Edit tests/gtest_dlt_user.cpp
const auto max_runtime = std::chrono::seconds(15);
Build dlt-daemon and execute tests:
mkdir build
cd build
cmake -DWITH_DLT_UNIT_TESTS=ON -DDLT_IPC=UNIX_SOCKET ..
make -j16
make test
2/15 Test #2: gtest_dlt_user ............................***Failed 16.01 sec
I run the tests on bf947b30b96d53b2944106359e2224e2ea419074 from master branch on Ubuntu 22.04
Hello @marcin-sochacki Any update on this issue. I can reproduce the case, but just occasionally, with longer period (16 seconds). Still I have no clue how to handle this test case correctly.
Hello @marcin-sochacki Any update on this issue. I can reproduce the case, but just occasionally, with longer period (16 seconds). Still I have no clue how to handle this test case correctly.
I think the test case is correct, but the tested code isn't. There might be a user app startup/shutdown redesign required. You may want to implement a thread safe state machine and properly handle dlt_init() and dlt_free() in each state.
I understand that such changes always introduce a risk of introducing new issues, so you have to decide if you can live with this...
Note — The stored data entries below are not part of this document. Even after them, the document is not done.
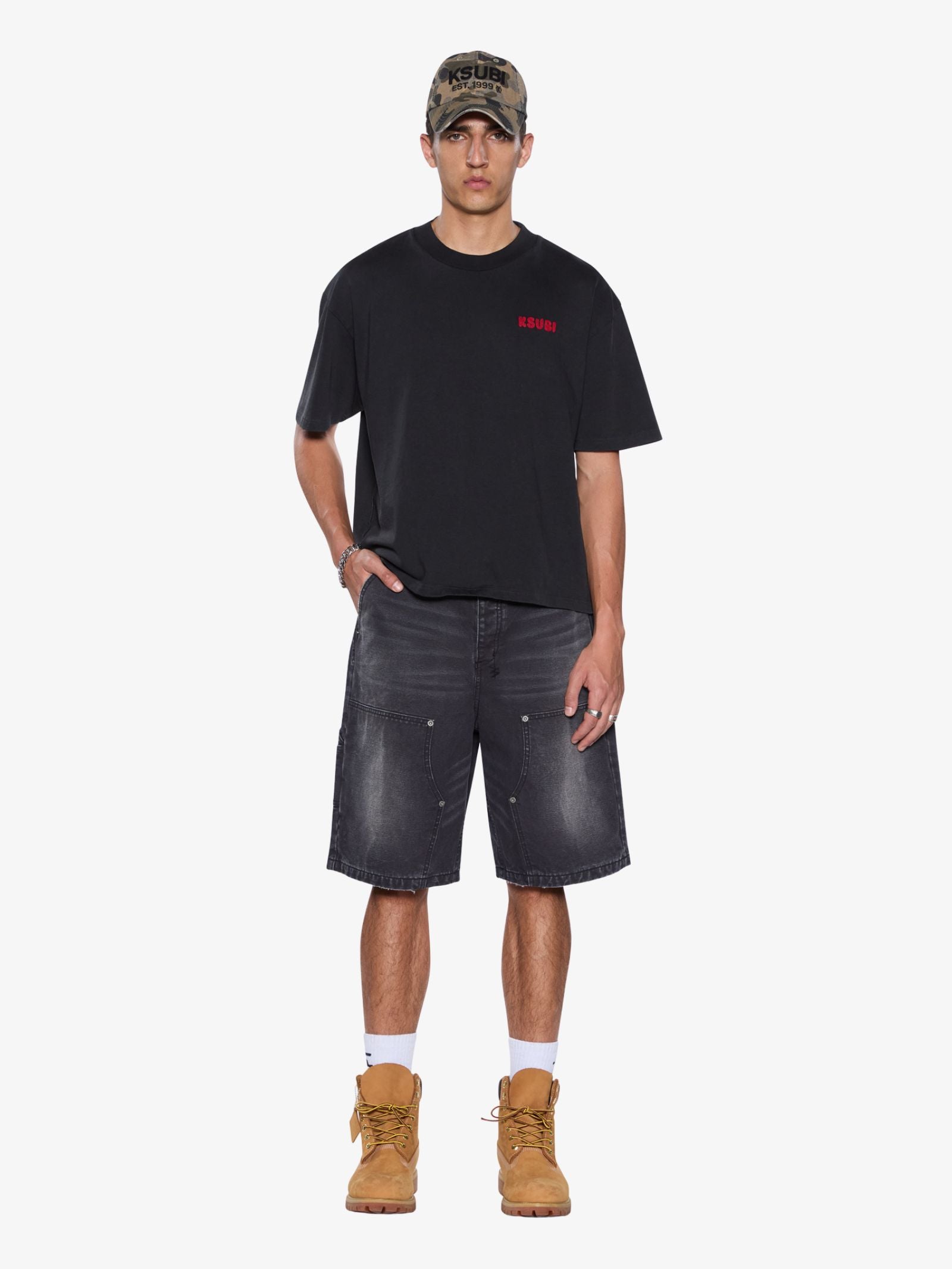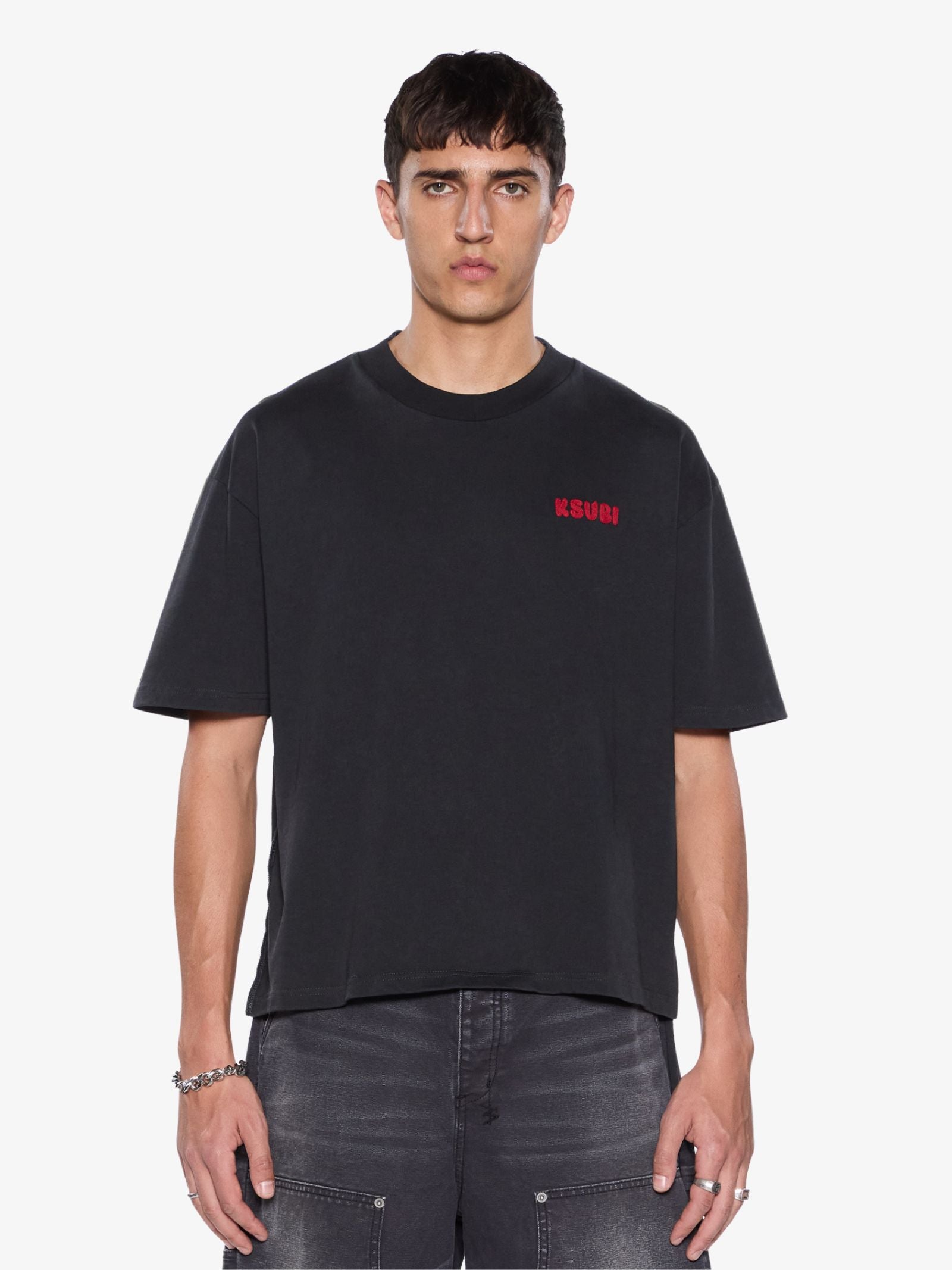 The Mekanik Halen Ss Tee by Ksubi is a short sleeve crew neck t-shirt cut with a relaxed, cropped fit. It is constructed from a washed charcoal jersey fabric and features a small red embroidered KSUBI logo on the front chest. The back panel features large, red, chain-stitched embroidery reading 'KSUBI DENIM Royalty SINCE 1999' across the shoulders.
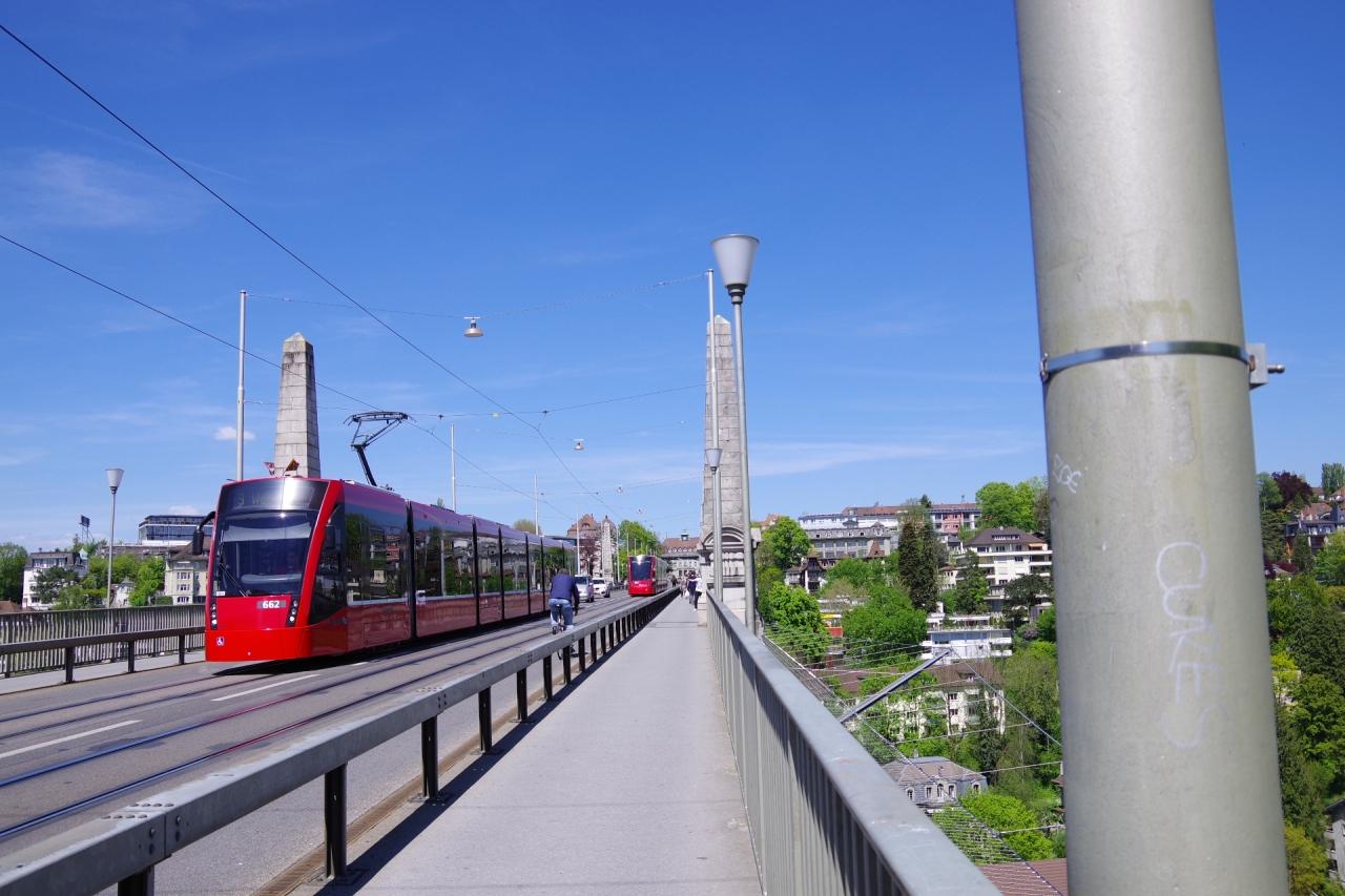 ベルン・チケットも手に入ったことだし、またトラムに乗って駅方面へ〜。 行き先の違うトラムが同じ電停に到着するので、車体や電光掲示板に書かれた行き先を確認してから乗り込みましょう!
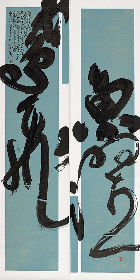 黃俊嘉 魚躍.鳶飛 2022 墨、色宣 180×48cm×2
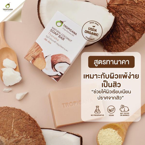 Tropicana | ทรอปิคานา สบู่ก้อนน้ำมันมะพร้าวและสมุนไพรทานาคา 100 G
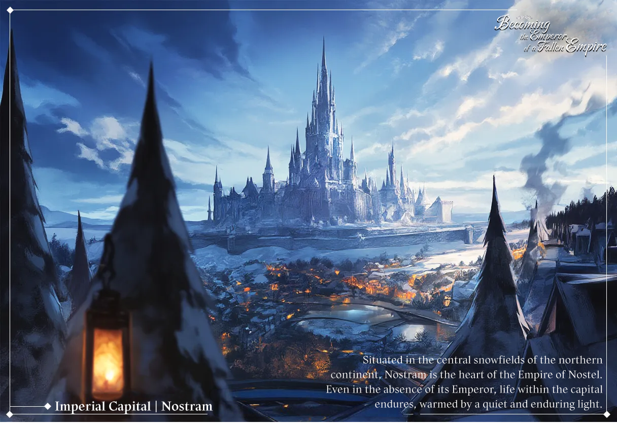 The Empire of Nostel, standing upon the snowy plains of the Northern Continent, is governed by the Emperor seated upon the Throne—an artifact capable of rewriting the laws of reality—and by the Five Great Houses, each excelling in their own distinct discipline.
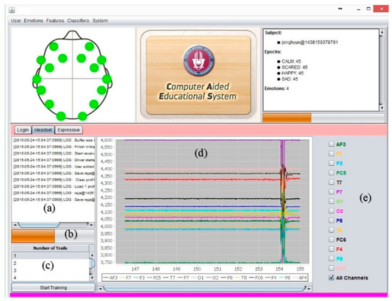 CAES (headset setup); this is also known as the device control module: (a) this component shows the device-related events and records into the database; (b) is the training progress bar; (c) the training component that allows the instructor to record the emotion training of the current subject; this module computes and updates the classification model after each training session; (d) this component shows the signal activity of each electrode of the brain device; (e) this component helps the user select his/her desired brain electrode.
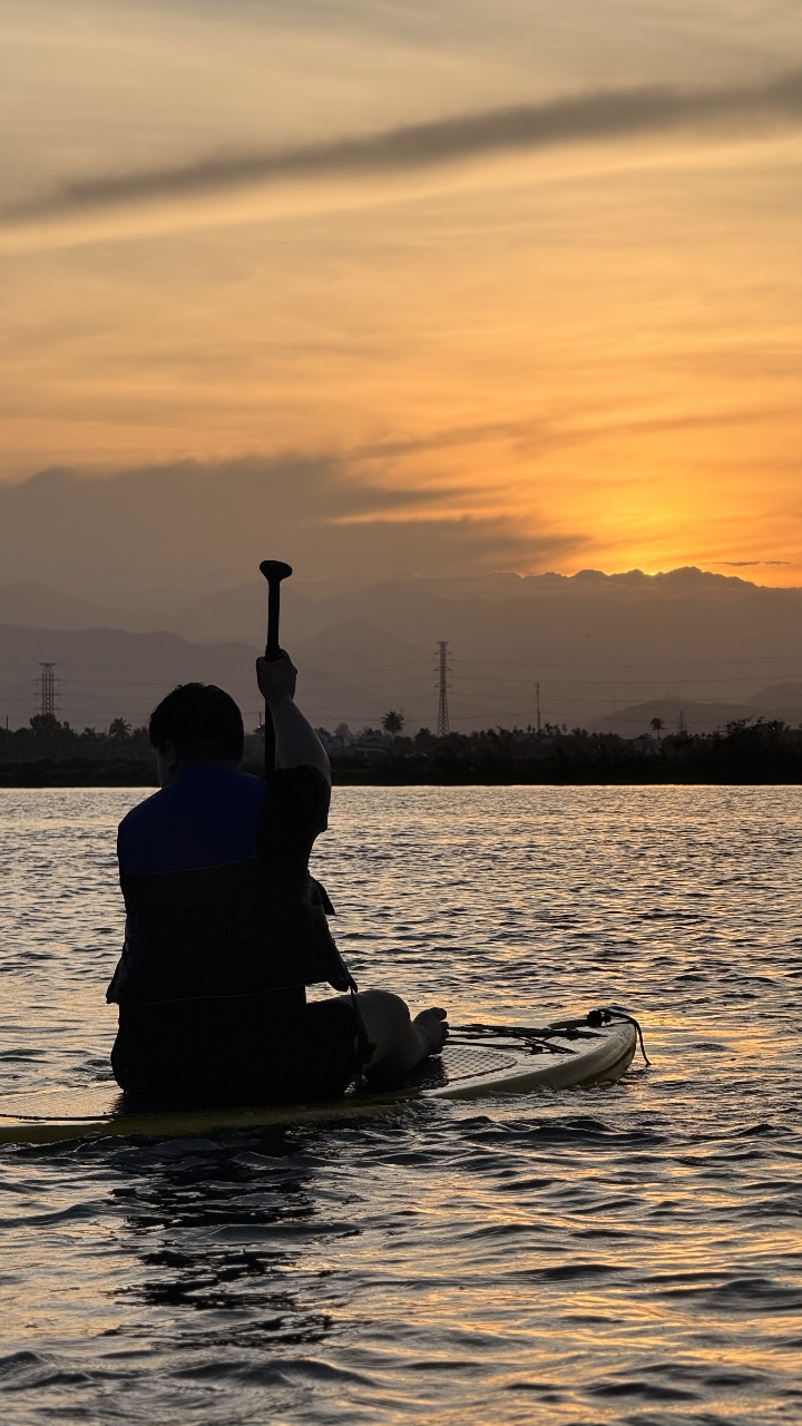 パドルボードの上からカイ川の夕日を鑑賞し、ゆったりと癒される時間をお過ごしください!

was the leaking fd when no connection is made to dlt-daemon (https://github.com/COVESA/dlt-daemon/issues/522#issuecomment-1684068925) fixed already? If not we probably should fix that first and see if this resolves the issue. Otherwise we can still re-work the thread safety issue. Ignoring this isn't a good idea as libdlt should be thread safe.